TASK DIRECTIONS: Could you output each line below precisely as it stands, without the images?
====== DATA TO EXAMINE
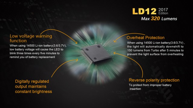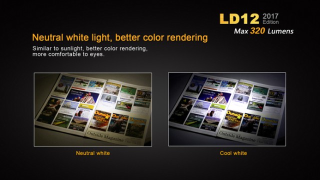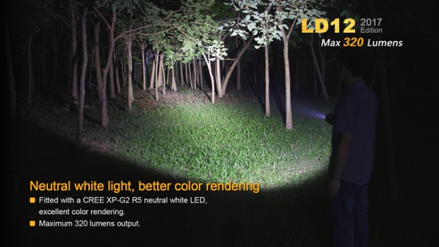 The redesigned Fenix LD12 is now compatible with 14500 rechargeable Li-ion batteries. It’s fitted with a CREE XP-G2 R5 neutral white LED for better color rendering, and delivers maximum 320 lumens. With four brightness levels plus strobe mode, and convenient dual switch, the LD12 is definitely the must-have flashlight for everyday carry.
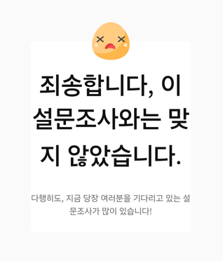 - 설문 추천이 무작위 – 이미 참여했거나 참여 불가능한 설문이 자주 표시됩니다.
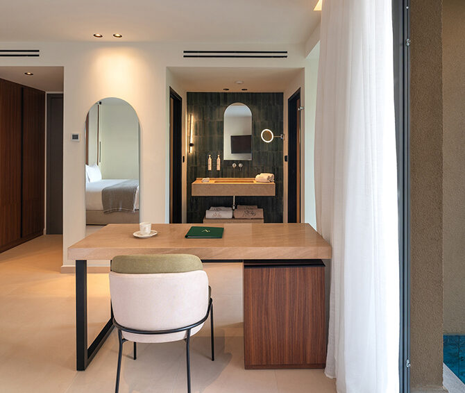 The Pool View Luxury Suite offers modern accommodation with a stunning view of the pool. Located on the first floor of building B, it seamlessly blends elegance, comfort and a relaxing atmosphere.
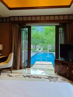 🏡 The villas completely fulfill the Chinese imagination of a luxury vacation estate, starting at two to three hundred square meters. Past the reception room lies a azure swimming pool framed by lush greenery 🏊🏻♀️ Each comes with a private sauna and hot spring bath.
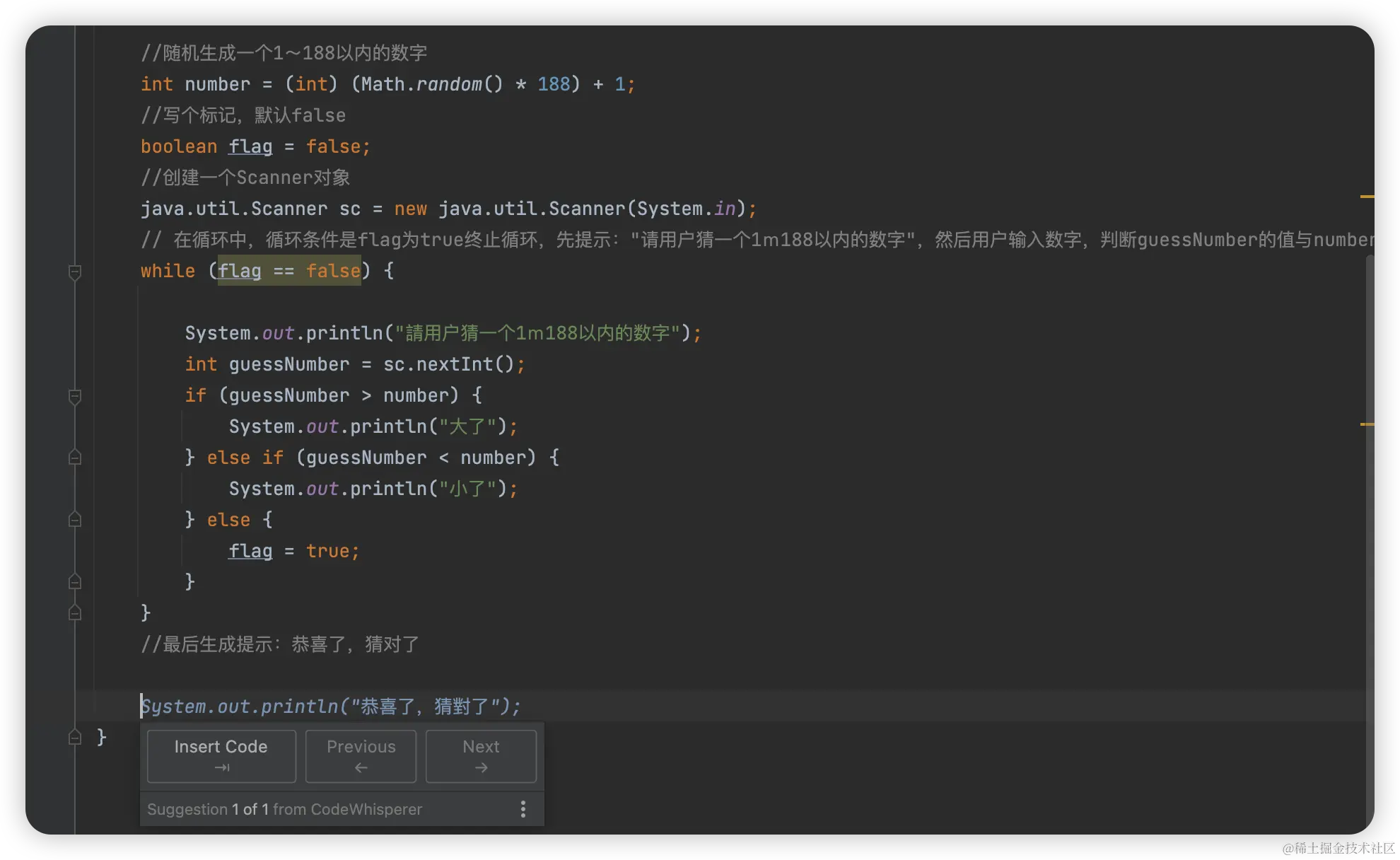 前面的四个小实战只是为了试探我们Amazon CodeWhisperer的能力,现在是时候挑战更高难度的任务了——编写一个猜数字的小游戏,看看是否能够在更复杂的上下文中理解并完成它。
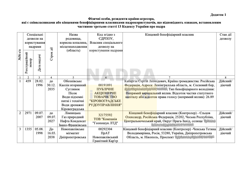 - Росіянин Кабаргін Сергій, зареєстрований у Ленінградській області РФ, має вирішальний вплив на ПАТ «Кіровоградське рудоуправління» (Кіровоградська обл.): каолін вторинний, суглинок, пісок, води підземні питні і технічні, води дренажні – родовище Обознівське. Спецдозвіл №459 дійсний/діючий;
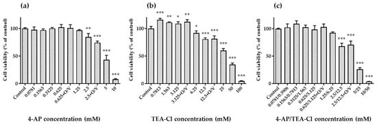Cytotoxicity of KV channel inhibitors against N2a cells: cytotoxicity of (a) 4-AP, (b) TEA-Cl, (c) mixture of 4-AP and TEA-Cl. +O/V indicates that 31.3 μM O and 3.13 μM V were added to N2a cells with KV channel inhibitors. Data are the mean ± standard deviation (SD) of triplicate wells. * p < 0.05; ** p < 0.01; *** p < 0.001, significantly different from control.
============
RESPONSE AREA:
 The redesigned Fenix LD12 is now compatible with 14500 rechargeable Li-ion batteries. It’s fitted with a CREE XP-G2 R5 neutral white LED for better color rendering, and delivers maximum 320 lumens. With four brightness levels plus strobe mode, and convenient dual switch, the LD12 is definitely the must-have flashlight for everyday carry.
 - 설문 추천이 무작위 – 이미 참여했거나 참여 불가능한 설문이 자주 표시됩니다.
 The Pool View Luxury Suite offers modern accommodation with a stunning view of the pool. Located on the first floor of building B, it seamlessly blends elegance, comfort and a relaxing atmosphere.
 🏡 The villas completely fulfill the Chinese imagination of a luxury vacation estate, starting at two to three hundred square meters. Past the reception room lies a azure swimming pool framed by lush greenery 🏊🏻♀️ Each comes with a private sauna and hot spring bath.
 前面的四个小实战只是为了试探我们Amazon CodeWhisperer的能力,现在是时候挑战更高难度的任务了——编写一个猜数字的小游戏,看看是否能够在更复杂的上下文中理解并完成它。
 - Росіянин Кабаргін Сергій, зареєстрований у Ленінградській області РФ, має вирішальний вплив на ПАТ «Кіровоградське рудоуправління» (Кіровоградська обл.): каолін вторинний, суглинок, пісок, води підземні питні і технічні, води дренажні – родовище Обознівське. Спецдозвіл №459 дійсний/діючий;
Cytotoxicity of KV channel inhibitors against N2a cells: cytotoxicity of (a) 4-AP, (b) TEA-Cl, (c) mixture of 4-AP and TEA-Cl. +O/V indicates that 31.3 μM O and 3.13 μM V were added to N2a cells with KV channel inhibitors. Data are the mean ± standard deviation (SD) of triplicate wells. * p < 0.05; ** p < 0.01; *** p < 0.001, significantly different from control.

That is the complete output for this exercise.